Work to be completed: Repeat the data that follows exactly, starting at the line with "Negative cleaved caspase" and ending at the line with "Edinilen bilgiye göe", and leave out every picture.

__________

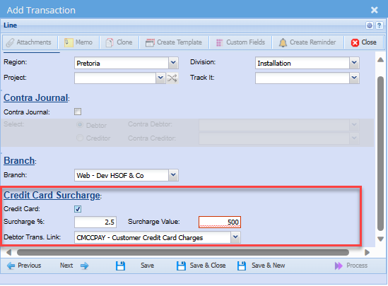 | Credit Card | Select if charging a credit card surcharge with the payment |
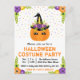 Orange pumpar med en enmajshorn i guld, öron och en svart häxhatt. Den vita bakgrunden har orange, gult, grönt och lila Halloween konetti och blommigt blommor och löv i hörnen. Grafik efter rätt Grafik
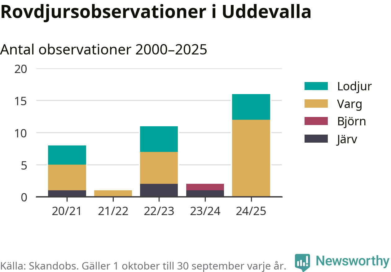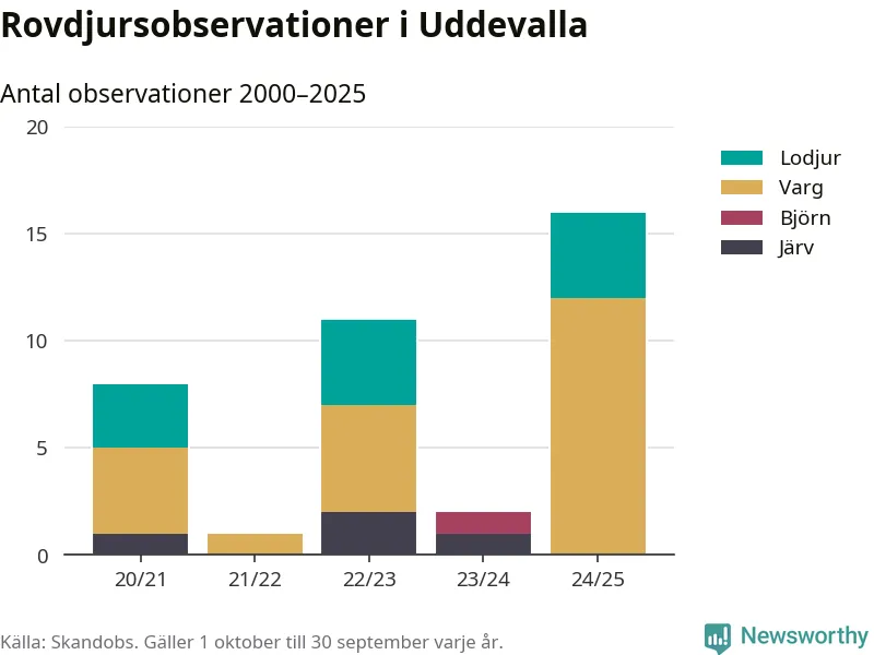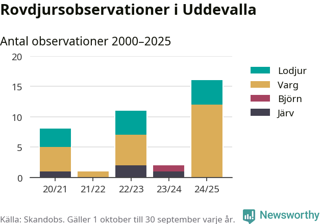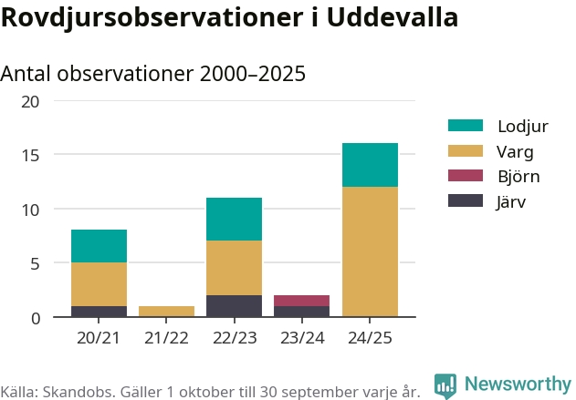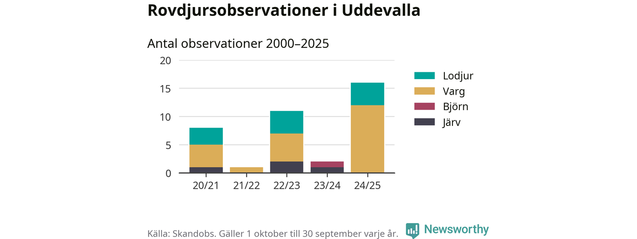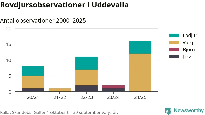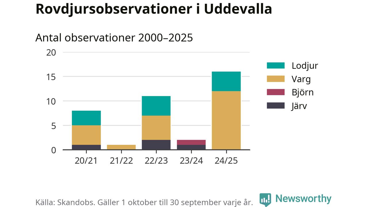Där kan vem som helst rapportera sina observationer av de stora rovdjuren björn, varg, lodjur och järv. Mellan 1 oktober 2024 och 30 september i år har knappt 10 000 observationer registrerats i landet. Det kan vara synobservationer, foton, spår, spillning, döda bytesdjur eller andra tecken på rovdjursförekomst. I Uddevalla handlar det om totalt 16 observationer av varg eller lodjur.
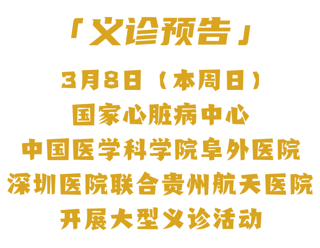 为促进优质医疗资源下沉,进一步推动医疗技术交流,让市民在家门口就能享受到高水平的诊疗服务,3月8日(周日)上午,国家心脏病中心&中国医学科学院阜外医院深圳医院专家团队将联合贵州航天医院开展大型义诊活动,欢迎广大市民朋友前来咨询和问诊! 义诊信息 义诊时间:2026年3月8日(周日)上午8:30开始 义诊地点:贵州航天医院门诊部一楼大厅 义诊内容 1.免费测量血压、血糖、心率。 2.心血管系统疾病(如冠心病、房颤、心衰、心律失常、高血压、结构性心脏病等)免费问诊、用药指导与健康宣教。 温馨提示 1.有既往病史的患者请带好相关检查报告(如CT、X光片、化验单等),方便专家全面了解病情。 2.冬春交替是心血管疾病高发期,欢迎广大市民前来咨询问诊,早筛早诊、防患未然。 3.义诊无需预约,免挂号费,请现场有序排队就诊。 学术讲座及手术指导 义诊当天,刘俊教授一行还将在我院心血管内科进行复杂心律失常等介入手术指导,并开展学术讲座,分享中国医学科学院阜外医院深圳医院的先进临床经验与学科管理模式,为我院心血管内科高质量发展注入强劲动能! 刘俊教授作为我院心血管内科学科带头人,将常态化来院开展技术指导,协助优化日常诊疗流程、开展复杂病例会诊及高难度手术指导。未来,随着双方合作的持续深化,遵义地区患者将在家门口享受到国家级、可持续的高水平心血管诊疗服务。 义诊专家简介 刘 俊 国家心脏病中心&中国医学科学院阜外医院心血管内科主任医师,心律失常中心执行主任兼心律失常一病区主任,清华大学医学部&北京协和医学院心内科学医学博士,德国心脏病中心(柏林)访问学者,丹麦奥胡斯大学医院短期访问学者,贵州航天医院心血管内科学科带头人 专业擅长:复杂、复发性心律失常(室上速、房颤、房速、室早、室速)的诊断和介入治疗(包括 三维标测系统Carto3/Ensite/心内超声导管指导的射频消融与冷冻消融、经皮左心耳介入封堵术)等。 学术任职:中国医疗保健国际交流会心律与心电分会第一届、第二届委员、第三届常务委员兼任秘书长,中华医学会心电生理与起搏分会第一届心电生理和起搏创新工作委员会委员兼秘书,中华医学会心电生理与起搏分会第八届委员会心电专业学组成员,中国生物医学工程学会心律分会第十届、十一届青年委员,家卫健委心血管疾病介入诊疗技术心律失常介入培训导师(导管消融+器械植入),《中国心血管病研究》杂志青年编委会委员,《中国心脏起搏与心电生理杂志》特约审稿人。 参与撰写著作9部、横向课题5项、纵向课题6 项,以第一作者、通讯作者发表文章64篇,其中SCI期刊文章15篇,署名文章共110 篇。 陈琳琳 中国医学科学院阜外医院深圳医院麻醉科副主任医师,麻醉学博士在读,硕士毕业于哈尔滨医科大学 学术任职:中国心胸血管麻醉学会急救与复苏分会委员,中国心胸血管麻醉学会心血管麻醉分会青年委员。 主持吴阶平医学基金一项、院内自主课题一项,在Molecular.Medicine.Reports,Journal.of.Evaluation.in.Clinical.Practice等期刊上发表SCI论文三篇,中文核心期刊数篇,主编论著2部。 邹春霞 中国医学科学院阜外医院深圳医院副主任医师 专业擅长:长期从事心血管内科疾病的临床和科研工作,有十余年的心血管内科住院病房和门诊临床工作经验,具备扎实的心内科基础知识和临床技能,能熟练诊治心血管内科常见疾病,包括心律失常、冠心病、高血压、心力衰竭等;接受国家卫生部临床心脏起搏和电生理介入培训,目前主攻心律失常介入诊疗、起搏器植入与术后各种类型起搏器程控随访、心力衰竭、晕厥查因等。 学术任职:广东省医学会心脏起搏与电生理学青委会委员,广东省女医师协会心电学与起搏电生理专业委员会委员,深圳市医学会心电生理和起搏专业委员会委员/秘书。 主持完成市级临床课题,发表在国家核心期刊论文多篇。 张 雪 中国医学科学院阜外医院深圳医院主治医师,中南大学湘雅医学院临床医学本硕连读七年制(2001-2008年,学士、硕士) 专业擅长:擅长冠心病、高血压、心律失常、心力衰竭、心肌病等各种心血管疾病诊治,熟练掌握各种心血管疾病无创检查诊疗技术,在心脏康复治疗方面有丰富经验。 学术任职:现担任深圳市医学会心电生理和起搏专业委员会委员,深圳市医学会心脏康复专业委员会学术秘书。 主持市级科研项目1项,发表文章5篇,参编出版书籍4部,申请专利2项。 沈万贵 心内科党支部书记、主任,副主任医师 专业擅长:从事临床工作约33年,对冠心病,高血压病,各种心肌病等疾病的诊治以及内科疑难杂症疾病的诊疗具有丰富诊疗经验,累计实施冠心病、外周血管等疾病的介入手术诊疗过万例。擅长于冠脉复杂病变的介入手术治疗、肾动脉狭窄介入手术、下肢深静脉血栓的介入手术治疗。 学术任职:贵州省医学会心血管病分会常务委员、贵州省心脏病康复医学会常务委员,遵义市医学会心血管病分会副主任委员,西南高血压病管理委员会常务理事,贵州省冠心病组委员;发表学术论文20余篇。 张羽坤 中共党员,心血管内科副主任,主任医师,硕士研究生 专业擅长:具备心血管疾病心律失常介入(导管消融及植入器械)国家级手术资质,参与各类心脏介入手术6000余例。以第一作者在国内核心期刊发表医学论文10余篇,主持市级科研项目1项。 曾先后前往贵州省人
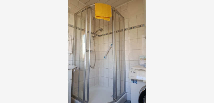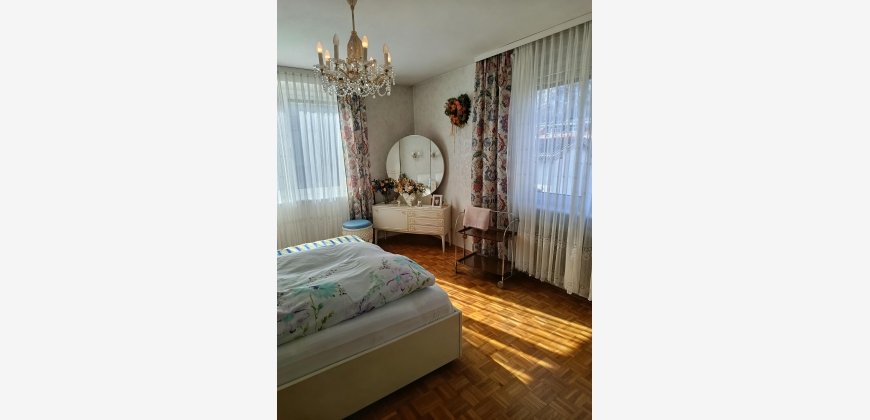 Die 1974 erbaute und gut erhaltene Wohnung verfügt über ein Badezimmer, eine Loggia und ist vollständig ausgestattet. Zu den Ausstattungsmerkmalen zählen Parkettböden, eine Einbauküche sowie Fernwärme mit Ölheizung. Ein Kellerabteil und ein Parkplatz gehören ebenfalls zur Immobilie.
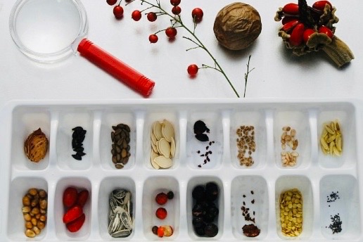 Dica: faça essa atividade com uma lupa para estimular a criança a olhar de perto para os detalhes na hora de distinguir as sementes.
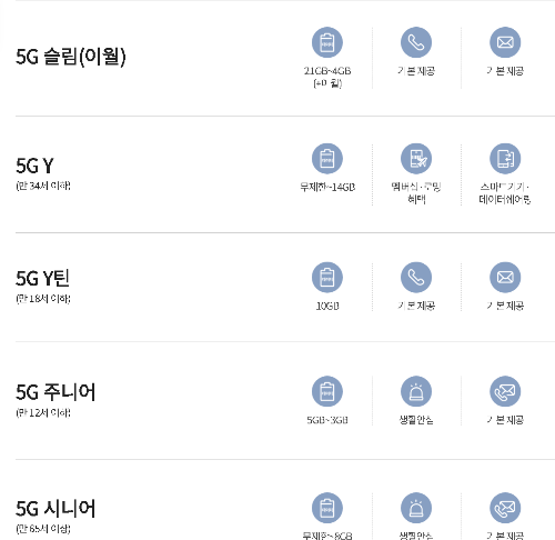 - 무제한 사용자 (월 150GB 이상): 5G 초이스/스페셜/베이직
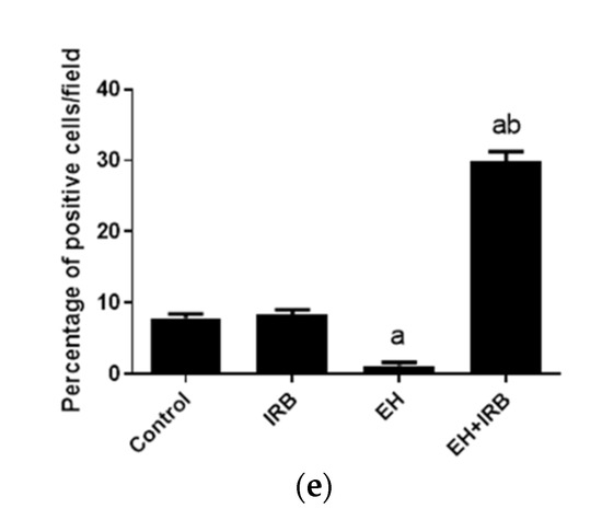 Negative cleaved caspase 3 expression was observed in control, IRB, and EH groups (Figure 4a–c). Meanwhile, the EH+IRB group showed positive cleaved caspase 3 expression (Figure 4d). Semiquantitative densitometrical analysis showed that cleaved caspase 3 expression was significantly higher in the EH+IRB group compared to control and EH groups (Figure 4e).
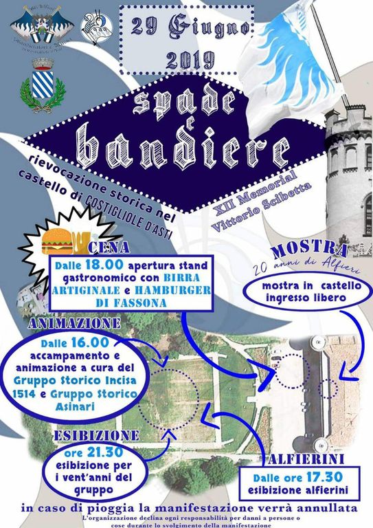 Il prossimo fine settimana costigliolese si preannuncia davvero ricco di appuntamenti, in grado di interessare-soddisfare una variegata tipologia di pubblico. Ma andiamo con ordine, iniziando dal raccontare dettagliatamente il programma della manifestazione “Spade e bandiere”, XII Memorial Vittorio Scibetta, in programma dalle 16 presso il castello del paese. Per l’appunto da quell’ora verrà allestito un accampamento, fedele ricostruzione storica, e vi sarà relativa animazione a cura del Gruppo Storico Incisa 1514 e del Gruppo Storico Asinari. Alle 17.30 è in previsione l’esibizione degli “alfierini”, mentre lo stand gastronomico che proporrà birra artigianale e hamburger di Fassona sarà attivo dalle 18. Alle 20 è in programma la mostra “20 anni di Alfieri” (ingresso libero), mentre la serata verrà chiusa, alle 21.30, dall’esibizione allestita per celebrare i 20 anni del gruppo. In caso di maltempo la manifestazione verrà annullata.
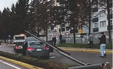Edinilen bilgiye göe seyir halindeki bir otomobil, kontrolden çıkarak orta refüjdeki aydınlatma direğine çarptı. Çarpmanın şiddetiyle yerinden sökülen dev metal direk, aracın üzerine devrilerek büyük çapta maddi hasara yol açtı. Kaza sonrası araç kullanılamaz hale geldi.
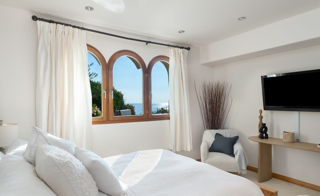 A serene primary bedroom featuring abundant natural light through three striking arched wooden-frame windows with ocean views, characterized by clean lines, soft whites and creams, and warm natural wood accents. The space balances coastal elegance with organic modern sensibilities, creating a sophisticated yet inviting retreat with curated furnishings and tasteful neutral tones.
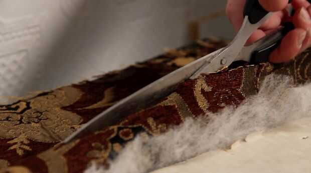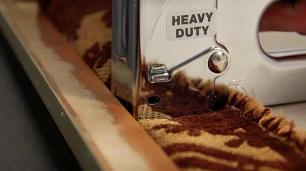 Ir por el interior borde del marco y grapa la tela, bateo y cartón en el marco de imagen.  Asegúrese de tirar la tela enseñaba mientras que la grapa.
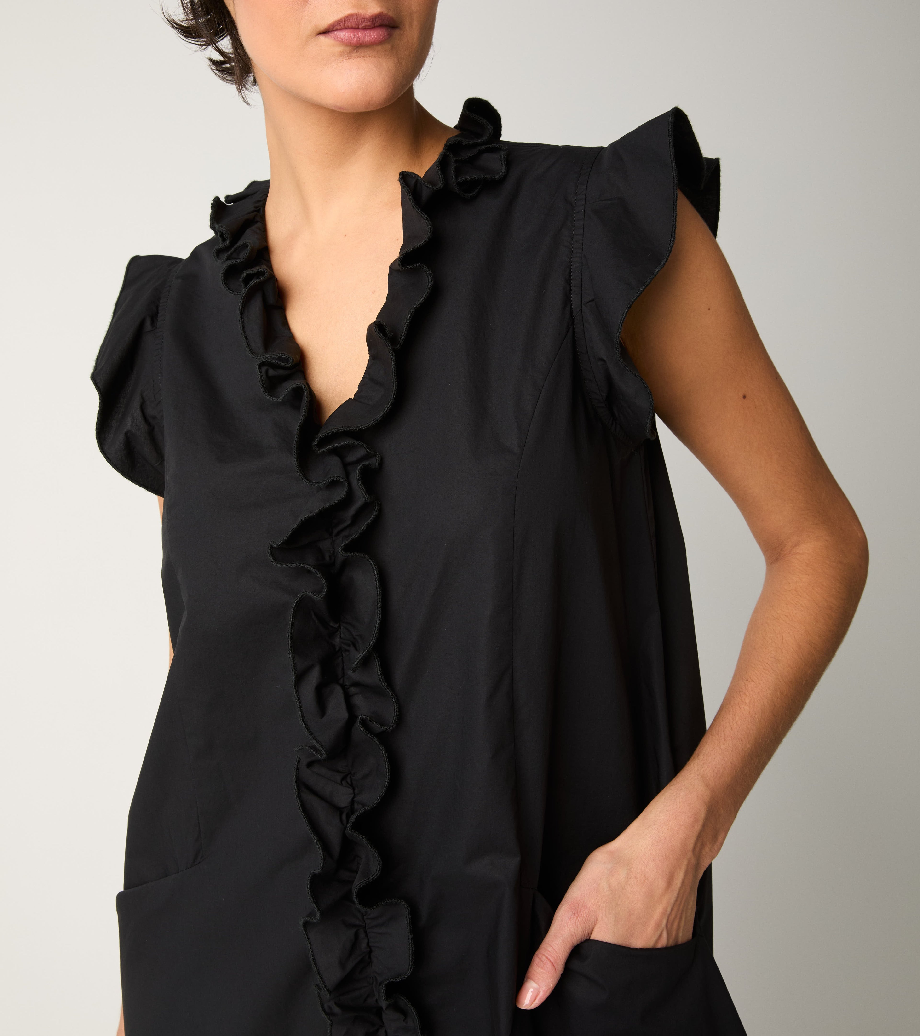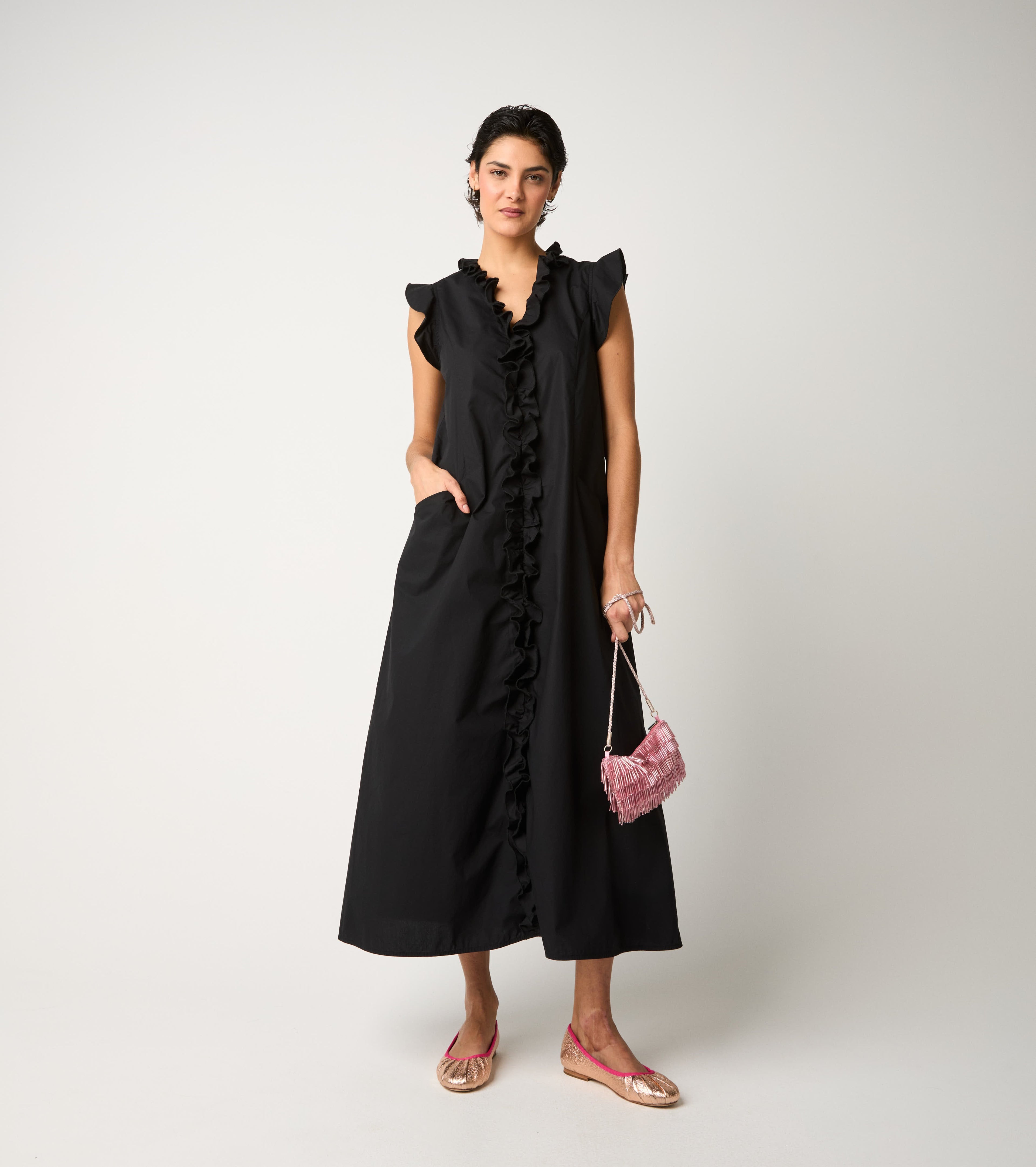 Il modello presenta scollo a V, tasche sui fianchi e romantiche rouches. Per un’eleganza femminile e sofisticata che scivola sul corpo con naturale grazia.

__________

Result of the exercise:
 Negative cleaved caspase 3 expression was observed in control, IRB, and EH groups (Figure 4a–c). Meanwhile, the EH+IRB group showed positive cleaved caspase 3 expression (Figure 4d). Semiquantitative densitometrical analysis showed that cleaved caspase 3 expression was significantly higher in the EH+IRB group compared to control and EH groups (Figure 4e).
 Il prossimo fine settimana costigliolese si preannuncia davvero ricco di appuntamenti, in grado di interessare-soddisfare una variegata tipologia di pubblico. Ma andiamo con ordine, iniziando dal raccontare dettagliatamente il programma della manifestazione “Spade e bandiere”, XII Memorial Vittorio Scibetta, in programma dalle 16 presso il castello del paese. Per l’appunto da quell’ora verrà allestito un accampamento, fedele ricostruzione storica, e vi sarà relativa animazione a cura del Gruppo Storico Incisa 1514 e del Gruppo Storico Asinari. Alle 17.30 è in previsione l’esibizione degli “alfierini”, mentre lo stand gastronomico che proporrà birra artigianale e hamburger di Fassona sarà attivo dalle 18. Alle 20 è in programma la mostra “20 anni di Alfieri” (ingresso libero), mentre la serata verrà chiusa, alle 21.30, dall’esibizione allestita per celebrare i 20 anni del gruppo. In caso di maltempo la manifestazione verrà annullata.
Edinilen bilgiye göe seyir halindeki bir otomobil, kontrolden çıkarak orta refüjdeki aydınlatma direğine çarptı. Çarpmanın şiddetiyle yerinden sökülen dev metal direk, aracın üzerine devrilerek büyük çapta maddi hasara yol açtı. Kaza sonrası araç kullanılamaz hale geldi.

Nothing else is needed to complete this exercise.